• [YOUR TASK]: Would you transcribe the records below exactly, omitting every picture?

Data entries

━━━━━━━━━━━━━━━━━━━━━━━━━━━━━━

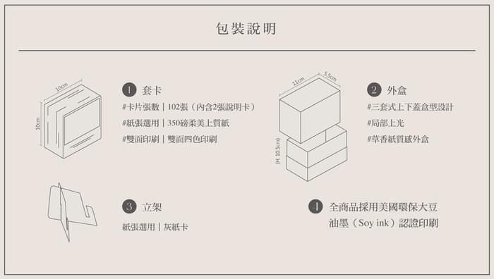 有別於平放式卡片收納,外包裝採上掀盒蓋與文字燙白質感印刷設計,更便於展示、保存與抽取,美好人生就該值得如此珍惜收藏。
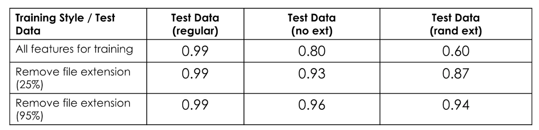 As mentioned earlier, during training time we removed a percentage of file extensions from our training data to encourage the model to learn from the vocabulary of the files. The table below shows the performance of our model with different fractions of file extensions removed during training time.
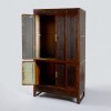 이 관복장은 문틀의 구조와 내부 판재 구성이 휨과 뒤틀림을 방지하도록 정밀하게 제작되었습니다. 상하 이단 분할 구조로 구성되어 있으며, 문판은 어두운 색감의 나뭇결이 살아 있어 전체적으로 중후한 인상을 줍니다. 문의 중심에는 금속 장석(裝飾)이 부착되어 있으며, 간결한 형태로 장식성을 절제하면서도 목재 고유의 질감과 조화를 이루는 전통 양식의 미감이 잘 드러납니다. 특히 문이 여닫이와 미닫이로 함께 사용하는 안고지기장으로 제작되었습니다. 또한, 하부 구조에는 다리가 있어 바닥의 습기를 방지하는 실용성을 확보함과 동시에 전체적인 균형미를 이루고 있습니다. 이뿐만 아닌 다리의 하단부에는 특징적인 조각이 있어 미적 요소도 보입니다.
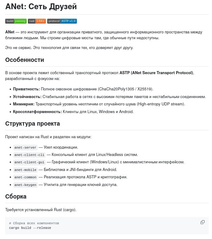 📝 Кратко: Представлен открытый проект ANet (ANet Secure Transport Protocol). 🔗 Читать оригинальную статью (ссылка) 📊 Источник: Habr ⏰ Время: 02.02.2026 10:02 📱 Другие каналы: 🪙 ВКрипту | 🎮 ВИгрухи | 🏎️ ВТачки | ✈️ ВТравелу #gadgets #гаджеты #технологии
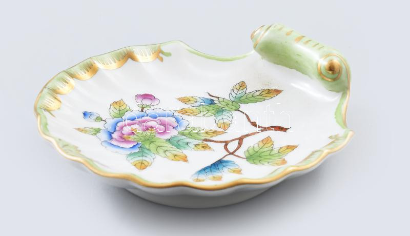 Beschreibung: Herendi Viktória mintás kagyló alakú ékszeres tálka. Jelzett, hibátlan, 10,5x10,5 cm

━━━━━━━━━━━━━━━━━━━━━━━━━━━━━━

• [RESPONSE]:
 有別於平放式卡片收納,外包裝採上掀盒蓋與文字燙白質感印刷設計,更便於展示、保存與抽取,美好人生就該值得如此珍惜收藏。
 As mentioned earlier, during training time we removed a percentage of file extensions from our training data to encourage the model to learn from the vocabulary of the files. The table below shows the performance of our model with different fractions of file extensions removed during training time.
 이 관복장은 문틀의 구조와 내부 판재 구성이 휨과 뒤틀림을 방지하도록 정밀하게 제작되었습니다. 상하 이단 분할 구조로 구성되어 있으며, 문판은 어두운 색감의 나뭇결이 살아 있어 전체적으로 중후한 인상을 줍니다. 문의 중심에는 금속 장석(裝飾)이 부착되어 있으며, 간결한 형태로 장식성을 절제하면서도 목재 고유의 질감과 조화를 이루는 전통 양식의 미감이 잘 드러납니다. 특히 문이 여닫이와 미닫이로 함께 사용하는 안고지기장으로 제작되었습니다. 또한, 하부 구조에는 다리가 있어 바닥의 습기를 방지하는 실용성을 확보함과 동시에 전체적인 균형미를 이루고 있습니다. 이뿐만 아닌 다리의 하단부에는 특징적인 조각이 있어 미적 요소도 보입니다.
 📝 Кратко: Представлен открытый проект ANet (ANet Secure Transport Protocol). 🔗 Читать оригинальную статью (ссылка) 📊 Источник: Habr ⏰ Время: 02.02.2026 10:02 📱 Другие каналы: 🪙 ВКрипту | 🎮 ВИгрухи | 🏎️ ВТачки | ✈️ ВТравелу #gadgets #гаджеты #технологии
 Beschreibung: Herendi Viktória mintás kagyló alakú ékszeres tálka. Jelzett, hibátlan, 10,5x10,5 cm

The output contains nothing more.